What is needed is an exact repeat of the lines from the one holding "Gminny Ośrodek Kultury" through the final line of the data, with no pictures.

> [Supplied material]:

======

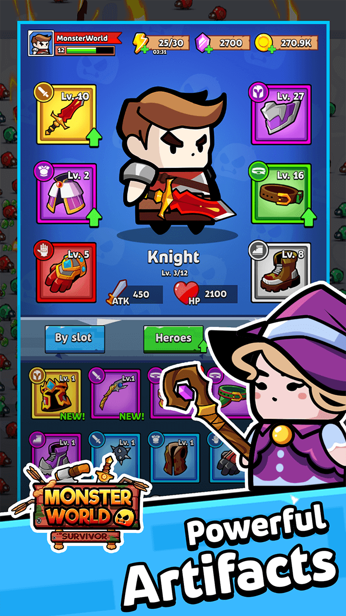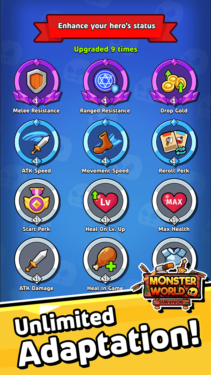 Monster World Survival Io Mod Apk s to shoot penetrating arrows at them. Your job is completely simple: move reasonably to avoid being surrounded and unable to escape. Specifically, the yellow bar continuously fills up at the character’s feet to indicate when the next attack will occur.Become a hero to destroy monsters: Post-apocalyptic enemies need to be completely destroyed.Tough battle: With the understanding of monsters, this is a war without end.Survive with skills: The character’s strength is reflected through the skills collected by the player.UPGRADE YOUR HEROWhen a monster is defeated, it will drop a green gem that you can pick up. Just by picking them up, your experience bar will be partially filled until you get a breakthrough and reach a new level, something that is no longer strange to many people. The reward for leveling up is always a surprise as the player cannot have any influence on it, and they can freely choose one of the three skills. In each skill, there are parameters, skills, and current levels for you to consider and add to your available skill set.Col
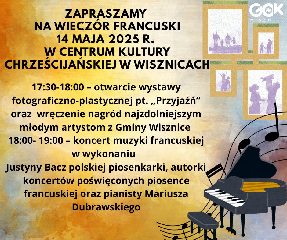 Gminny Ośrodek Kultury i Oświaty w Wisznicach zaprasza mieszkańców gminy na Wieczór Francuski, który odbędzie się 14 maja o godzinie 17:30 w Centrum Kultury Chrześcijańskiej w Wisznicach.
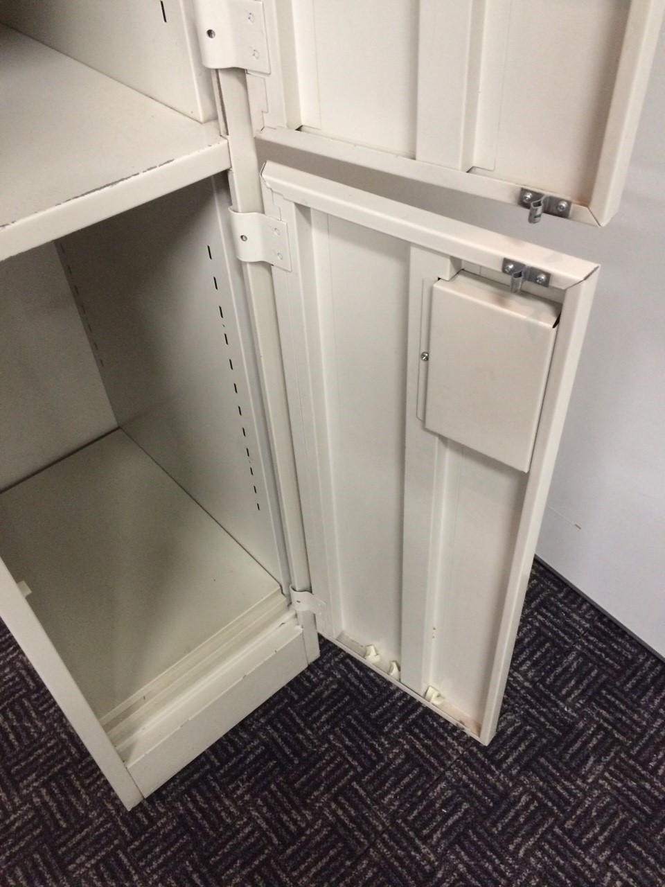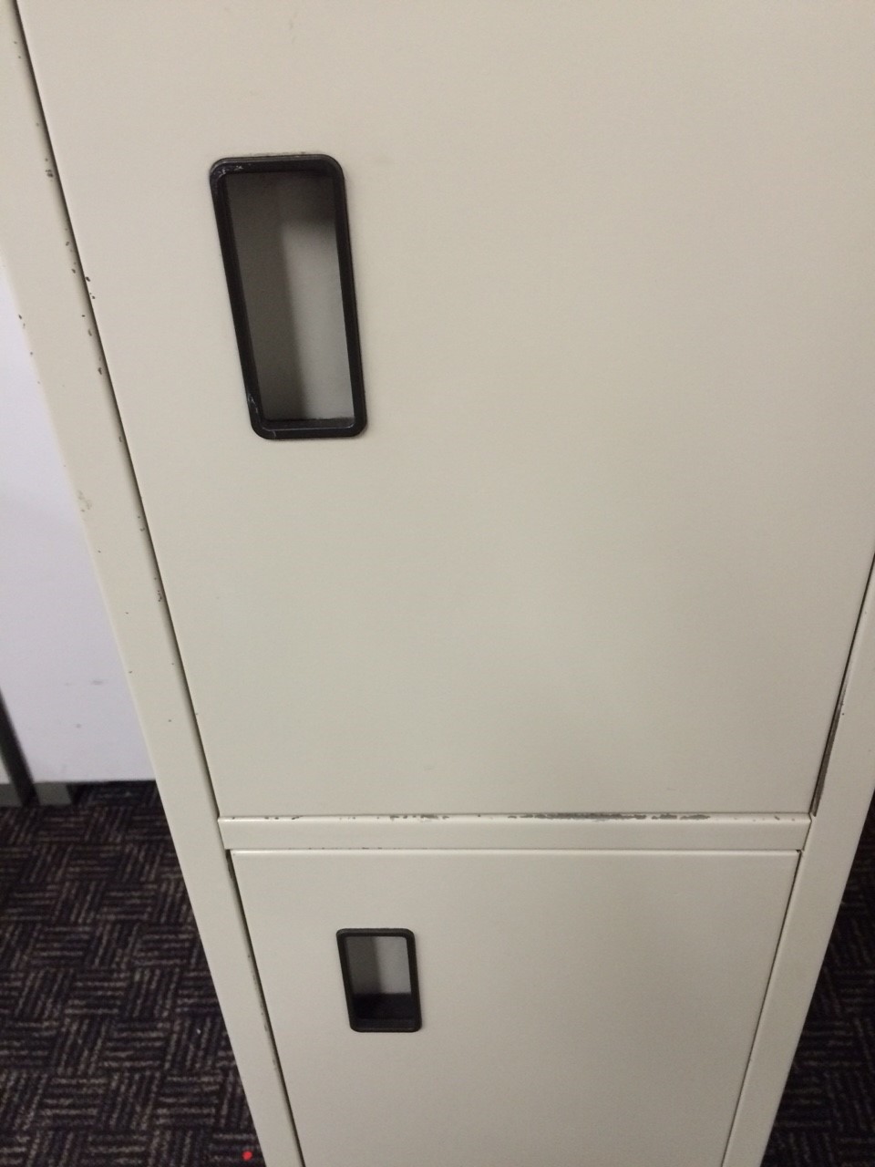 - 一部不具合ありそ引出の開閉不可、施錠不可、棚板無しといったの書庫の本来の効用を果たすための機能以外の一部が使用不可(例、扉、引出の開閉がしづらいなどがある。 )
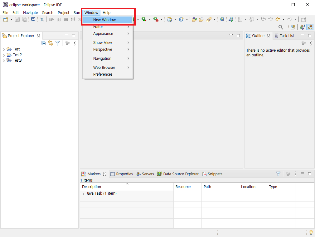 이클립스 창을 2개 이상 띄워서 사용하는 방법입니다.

======

> [Result of this exercise]:
 Gminny Ośrodek Kultury i Oświaty w Wisznicach zaprasza mieszkańców gminy na Wieczór Francuski, który odbędzie się 14 maja o godzinie 17:30 w Centrum Kultury Chrześcijańskiej w Wisznicach.
 - 一部不具合ありそ引出の開閉不可、施錠不可、棚板無しといったの書庫の本来の効用を果たすための機能以外の一部が使用不可(例、扉、引出の開閉がしづらいなどがある。 )
 이클립스 창을 2개 이상 띄워서 사용하는 방법입니다.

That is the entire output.